What direction do you think the research should take in the future?
I think that there are a lot of ways to apply miniature blood pumps, and there are many different patient circumstances. For example, there are patients with congenital heart disease, which means malformation of the heart that they're born with, and those kinds of conditions are going to be able to be treated with small blood pumps that can save children. So there's a lot of potential for different applications, and I think the important thing is to really understand how to make this kind of pump work and how to power it and control it so that there will be more and more designs for different sizes and varieties of applications.
We're working on about four or five different types of miniature pumps right now and there will be quite a few kinds of applications. For example, in addition to the children's version of Jarvik 2000, there's one for infants and one that's for temporary support of the heart in patients that won't need a permanent pump for the rest of their lives.
Of all your accomplishments, which are you most proud of?

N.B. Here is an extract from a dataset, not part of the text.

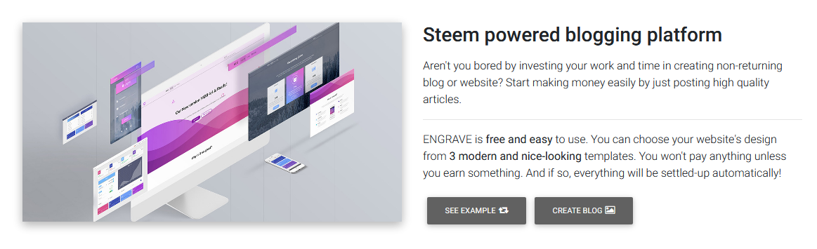 @Engrave is a blogging platform that is using STEEM for content storing and monetization. New post created using @engrave will also show up on your "normal" steem blog so it's kinda like a steem interface. What's different is the focus on creating a professional blog with things like templates, SEO optimizations, domain management, web push notifications, technical support etc. One thing to notice is that the service takes 5% fee from the post payout.

The Jarvik 2000, which was developed in part with a National Institutes of Health contract. The goal of the program was to create a heart that would be suitable for five years of high quality of life. What I'm very proud of is the fact that the very first patient in whom we implanted it for permanent use is now at five years of survival. It's very difficult to do this at all but to do it well enough that it actually achieved its goal in the very first patient is unusual, and it's nice that it happened that way.
What's the most challenging part of artificial-heart research?
I think the most challenging task is to find a solution that meets all the diverse needs. You have to find a solution that's suitable in so many numerous ways you know, ethical, medical, engineering, that's the hard part.